Wednesday, March 26, 2008

Cat Herding

Don't mess with a sleeping bear...um, I mean Jeff

I love sleep. There are times when the world around me wants to communicate with me, while I'm sleeping, and I try to communicate back.

The results aren't pretty.

I don't always know what I say, and sometimes I slip back into the world of slumber, only to realize that I probably wasn't coherent.

On this occasion, I think I remember something about an alumni reunion. I think I also hung up on the poor guy.

Oops.

Sunday, March 09, 2008

Wanna fight?

Ah, yet something else I can thank my multiple years as a volunteer youth worker for:

27

Tuesday, March 04, 2008

Gut Check

I had a conversation with someone tonight that is messing with me. A question was posed to me that I can't get out of my head. How would I come up with that much money in a short time? Is it logistically possible to be ready that quick? Why would someone like me go?

Now, I'm not even sure that is was a serious question, but it has rocked me. Made me fearful, even.

In my life it seems like it would be a complete God thing.

Ultimately I guess I need to stand back and look at my life and evaluate why haven't I looked at the God sized opportunities in my life, and seized them.

Sunday, March 02, 2008

Work and Church = Worch?

Ugh. It is officially that time of the year. Upwards game days are over, the video upgrade is complete, and the On Fire rallies are taking place. My superior is heading on vacation in a few days for a week and a half. That means I will be continually stressed out over everything, including Upwards Awards Night and changing all the clocks in the church for the upcoming time change.(Thanks, Mitch.)

There is a certain word that is running through my head right now... it starts with a vay and ends with a kayshun. It is a funny occurrence that I discovered on last years excursion away from worch. I felt alive again.

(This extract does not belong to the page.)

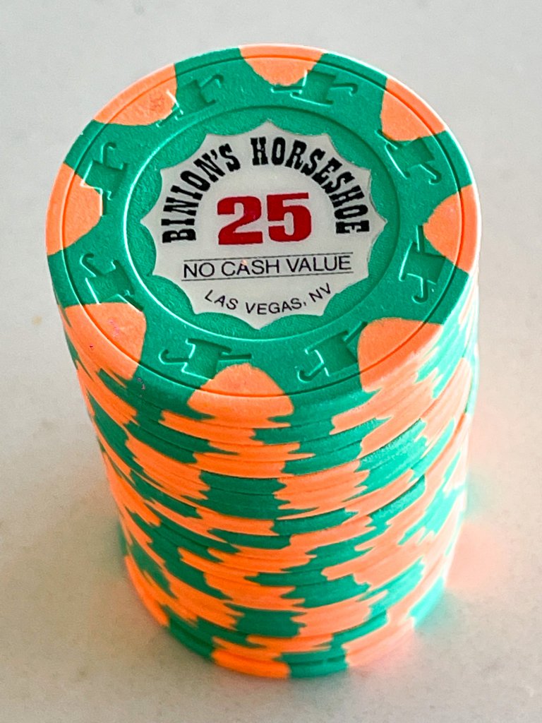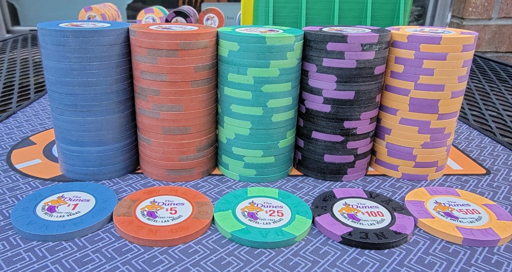 But where's the BJ table?Not from the mail, but I have to share these. Easily the coolest chips I have owned to date. I purchased them from a neighbor who also FORCED me to take an old Blackjack table from The Sands hotel off his hands and out of his house so his wife can reclaim the room - LOL! From what I have been hearing, there are not too many playable sets of these Borland commemorative chips that were made by ASM in the early 1990s. My neighbor got them at a store in Vegas in 1996, so I assume he bought them directly from Jim Borland. Cool piece of poker chip history. There are over 550 chips in the set. Unfortunately no $1000 or $5000 chips.
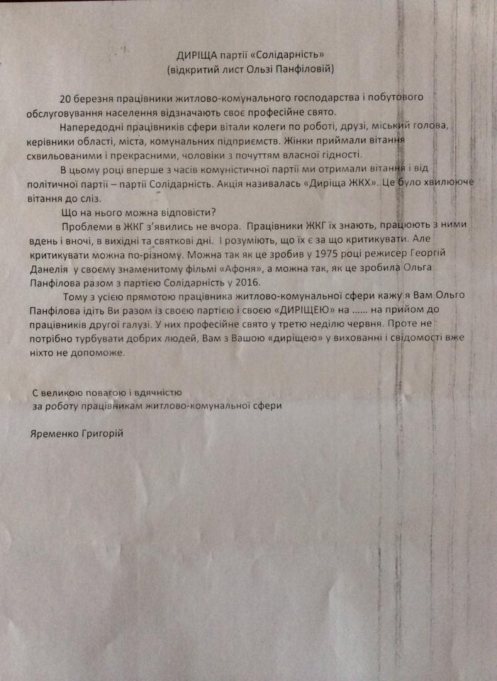 Сегодня на аппаратном совещании директор департамента инфраструктуры Григорий Яременко прочитал открытое письмо, в котором «поблагодарил» организаторов акции за подарок и посоветовал им сходить на… прием к врачам.

Is that bad to say? I don't think so. But, I suppose that shouldn't be an excuse to check out. I still can do different things. I've been working on some scripture memorization. I still need to stick with it. I'm slowly finally reading through Red Moon Rising, and it is resonating in my soul. Here is something I read last night:

"Here's the question: 'Will we allow the things that breaks God's heart to break our hearts too?' It'll mean more tears, more listening. It may even be the reason why so many of us struggle with our own personal burdens and heartaches-- God is allowing us to feel pain, to be weak and broken so that our prayers have power."


I suppose the other thing I need to do is continue to connect with other human beings. Yes, I just typed that. There are several of the people out there that I enjoy playin Settlers of Catan with and partaking of the M. F. Grape.